> What you should do
Each line of the material below is to be written out exactly. Leave out any picture.

> Dataset extract
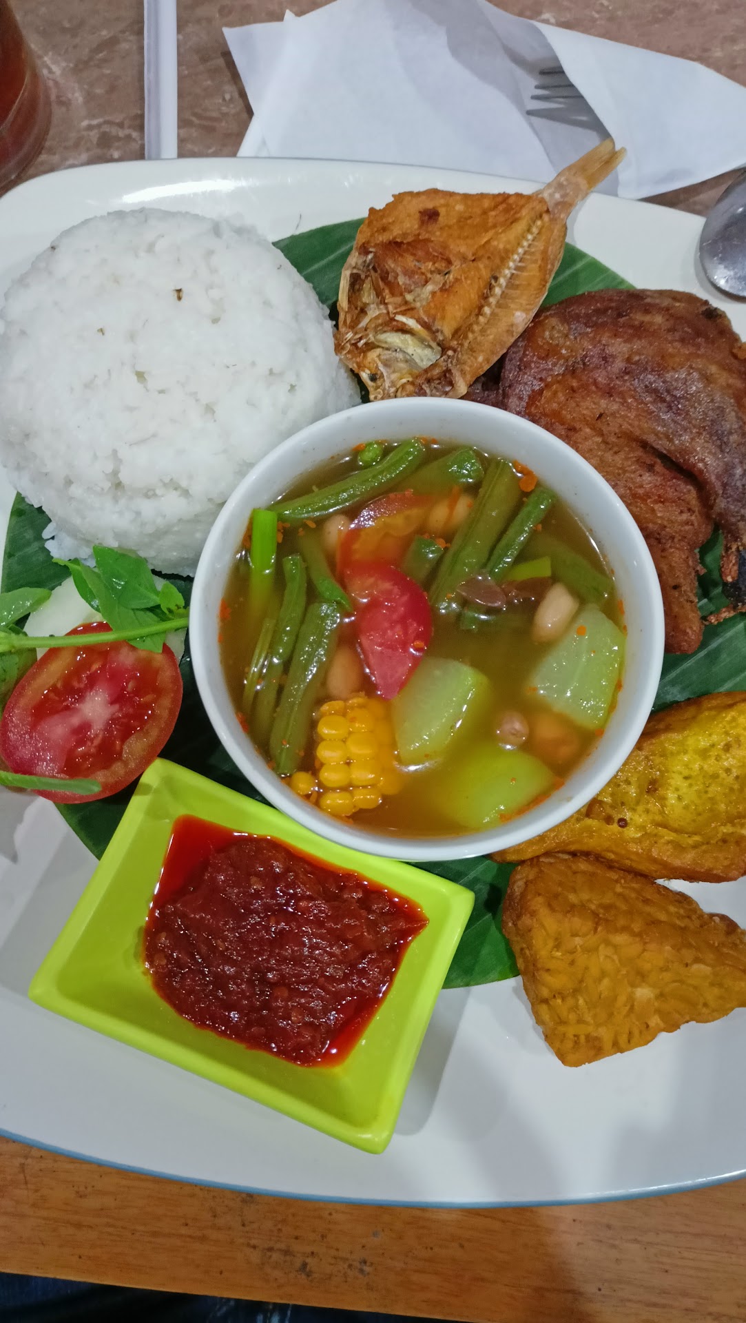 Foods are tasty especially Mie Keluntung and Ayam Cabe Kering. But I reccommended to not buy sweet ice tea. The taste was weird, honestly. Actually, the situation was good, but it was hot and there was no one standby in the room so we couldnt ask any services at all. Even we ask for a pickles, they said that they dont have it. Last one, we asked them to take away some foods, two kind of cuisines, but they wrapped into one box which was not normal, I guess? Oh, and it...
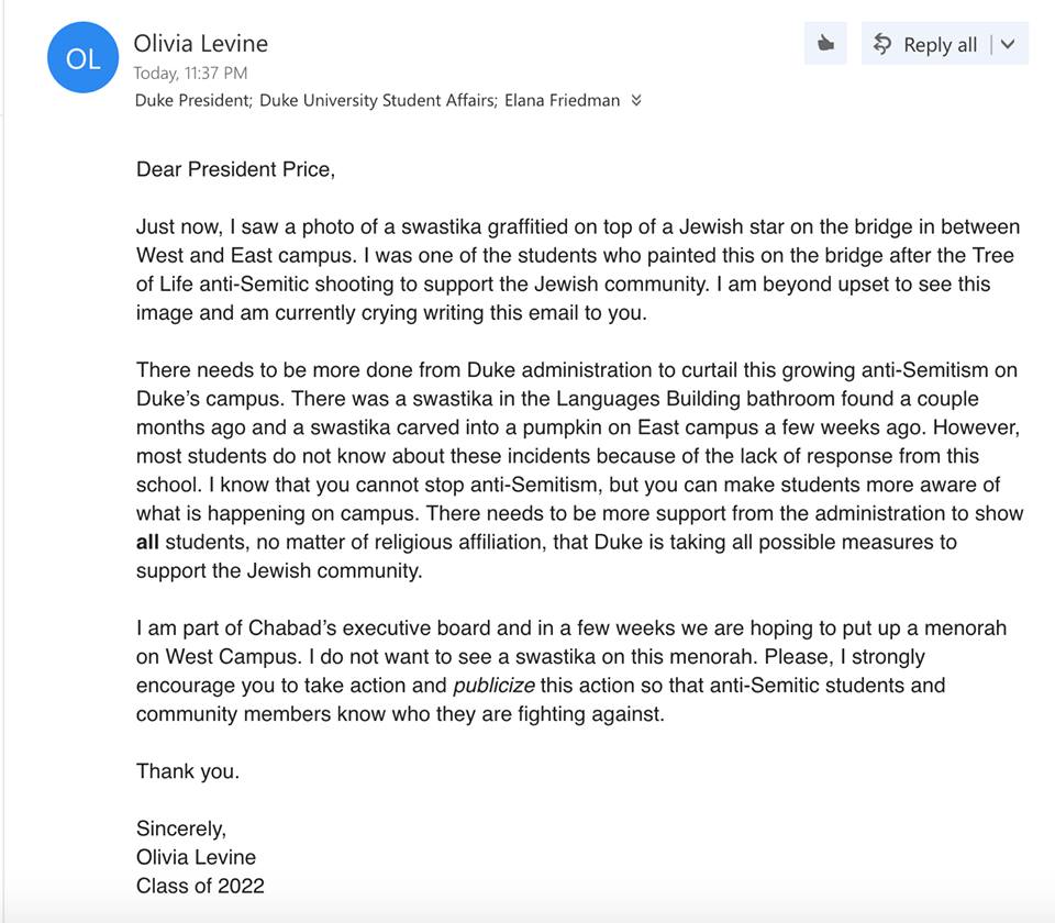 Duke University officials say someone painted a Nazi symbol on a mural honoring victims of last month’s Pittsburgh synagogue massacre.
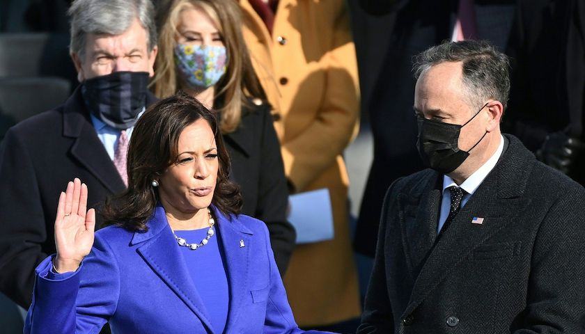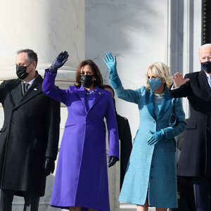 Gaga献歌之后,身着宝蓝色正装的哈里斯宣誓就任美国副总统。这标志了美国历史上第一位女性副总统的诞生。哈里斯成为美国历史上职位最高的女性,也是第一位担任国家副总统的美国黑人和第一位南亚裔人士。

> Output below
 Foods are tasty especially Mie Keluntung and Ayam Cabe Kering. But I reccommended to not buy sweet ice tea. The taste was weird, honestly. Actually, the situation was good, but it was hot and there was no one standby in the room so we couldnt ask any services at all. Even we ask for a pickles, they said that they dont have it. Last one, we asked them to take away some foods, two kind of cuisines, but they wrapped into one box which was not normal, I guess? Oh, and it...
 Duke University officials say someone painted a Nazi symbol on a mural honoring victims of last month’s Pittsburgh synagogue massacre.
 Gaga献歌之后,身着宝蓝色正装的哈里斯宣誓就任美国副总统。这标志了美国历史上第一位女性副总统的诞生。哈里斯成为美国历史上职位最高的女性,也是第一位担任国家副总统的美国黑人和第一位南亚裔人士。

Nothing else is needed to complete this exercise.